The reply should contain every line of the data, repeated exactly, and no pictures.

◆ Data excerpt:

== Segment start ==

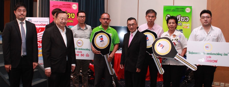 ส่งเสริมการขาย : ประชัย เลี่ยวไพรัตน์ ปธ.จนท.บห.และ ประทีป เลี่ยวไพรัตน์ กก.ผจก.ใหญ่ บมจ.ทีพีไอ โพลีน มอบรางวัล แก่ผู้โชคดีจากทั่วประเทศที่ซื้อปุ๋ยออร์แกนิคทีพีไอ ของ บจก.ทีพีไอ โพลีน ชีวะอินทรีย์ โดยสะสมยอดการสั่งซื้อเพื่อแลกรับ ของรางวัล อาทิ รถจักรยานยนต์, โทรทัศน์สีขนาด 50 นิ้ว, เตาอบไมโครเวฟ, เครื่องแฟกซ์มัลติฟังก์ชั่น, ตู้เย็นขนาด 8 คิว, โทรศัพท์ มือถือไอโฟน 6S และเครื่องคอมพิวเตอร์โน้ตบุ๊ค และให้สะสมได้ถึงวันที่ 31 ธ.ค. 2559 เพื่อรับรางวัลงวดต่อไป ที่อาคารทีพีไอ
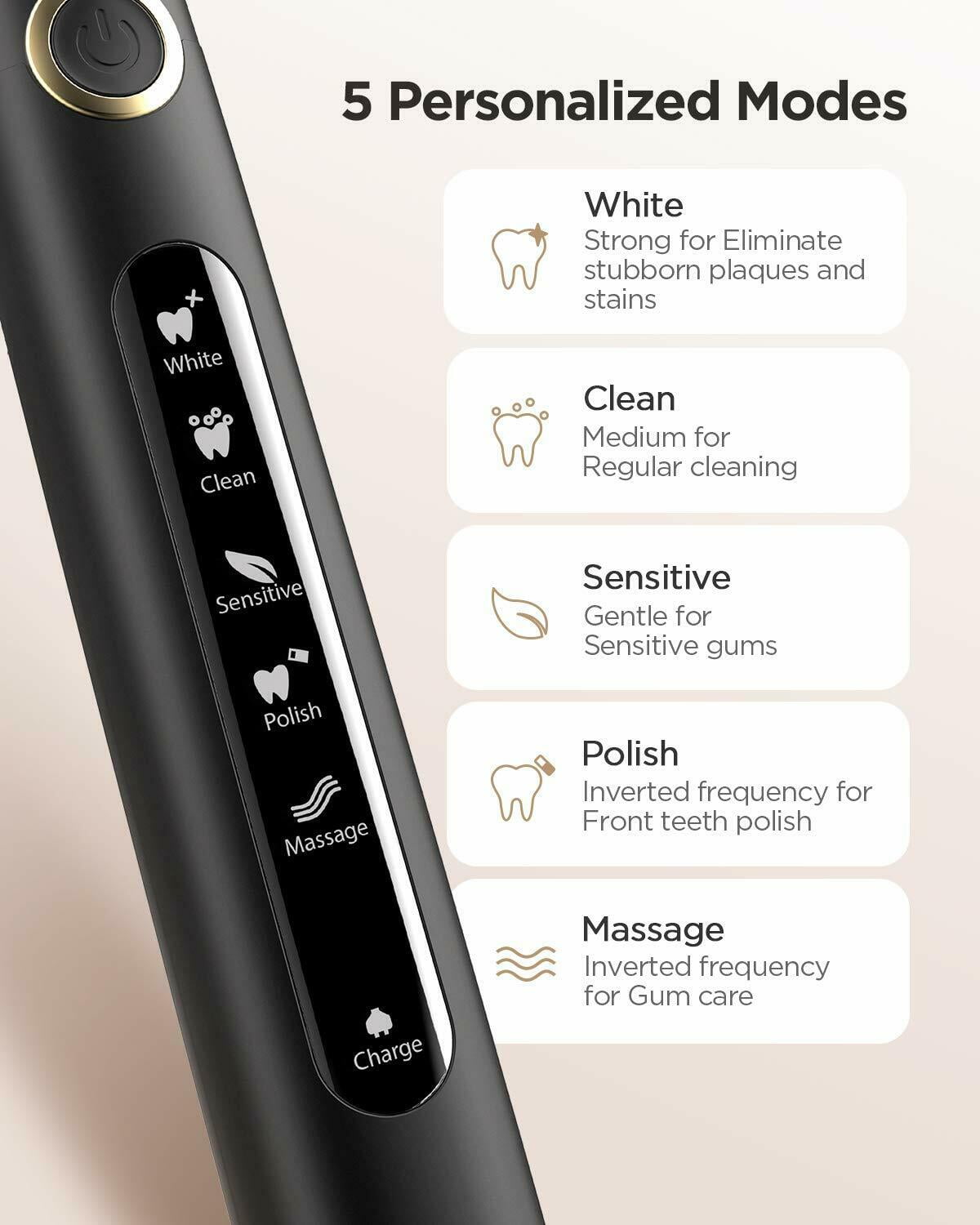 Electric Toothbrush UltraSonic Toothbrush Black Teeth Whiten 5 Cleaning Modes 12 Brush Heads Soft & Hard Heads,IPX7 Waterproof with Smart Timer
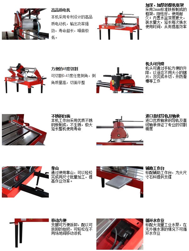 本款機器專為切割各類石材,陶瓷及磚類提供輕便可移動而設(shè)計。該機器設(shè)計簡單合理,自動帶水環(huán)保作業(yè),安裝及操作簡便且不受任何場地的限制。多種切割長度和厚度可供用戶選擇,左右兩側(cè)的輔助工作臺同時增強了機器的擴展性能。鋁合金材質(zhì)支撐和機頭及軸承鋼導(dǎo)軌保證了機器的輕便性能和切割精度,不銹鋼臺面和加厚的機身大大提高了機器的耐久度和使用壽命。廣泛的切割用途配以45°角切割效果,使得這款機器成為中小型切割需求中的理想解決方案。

== Segment end ==

◆ Solution:
 ส่งเสริมการขาย : ประชัย เลี่ยวไพรัตน์ ปธ.จนท.บห.และ ประทีป เลี่ยวไพรัตน์ กก.ผจก.ใหญ่ บมจ.ทีพีไอ โพลีน มอบรางวัล แก่ผู้โชคดีจากทั่วประเทศที่ซื้อปุ๋ยออร์แกนิคทีพีไอ ของ บจก.ทีพีไอ โพลีน ชีวะอินทรีย์ โดยสะสมยอดการสั่งซื้อเพื่อแลกรับ ของรางวัล อาทิ รถจักรยานยนต์, โทรทัศน์สีขนาด 50 นิ้ว, เตาอบไมโครเวฟ, เครื่องแฟกซ์มัลติฟังก์ชั่น, ตู้เย็นขนาด 8 คิว, โทรศัพท์ มือถือไอโฟน 6S และเครื่องคอมพิวเตอร์โน้ตบุ๊ค และให้สะสมได้ถึงวันที่ 31 ธ.ค. 2559 เพื่อรับรางวัลงวดต่อไป ที่อาคารทีพีไอ
 Electric Toothbrush UltraSonic Toothbrush Black Teeth Whiten 5 Cleaning Modes 12 Brush Heads Soft & Hard Heads,IPX7 Waterproof with Smart Timer
 本款機器專為切割各類石材,陶瓷及磚類提供輕便可移動而設(shè)計。該機器設(shè)計簡單合理,自動帶水環(huán)保作業(yè),安裝及操作簡便且不受任何場地的限制。多種切割長度和厚度可供用戶選擇,左右兩側(cè)的輔助工作臺同時增強了機器的擴展性能。鋁合金材質(zhì)支撐和機頭及軸承鋼導(dǎo)軌保證了機器的輕便性能和切割精度,不銹鋼臺面和加厚的機身大大提高了機器的耐久度和使用壽命。廣泛的切割用途配以45°角切割效果,使得這款機器成為中小型切割需求中的理想解決方案。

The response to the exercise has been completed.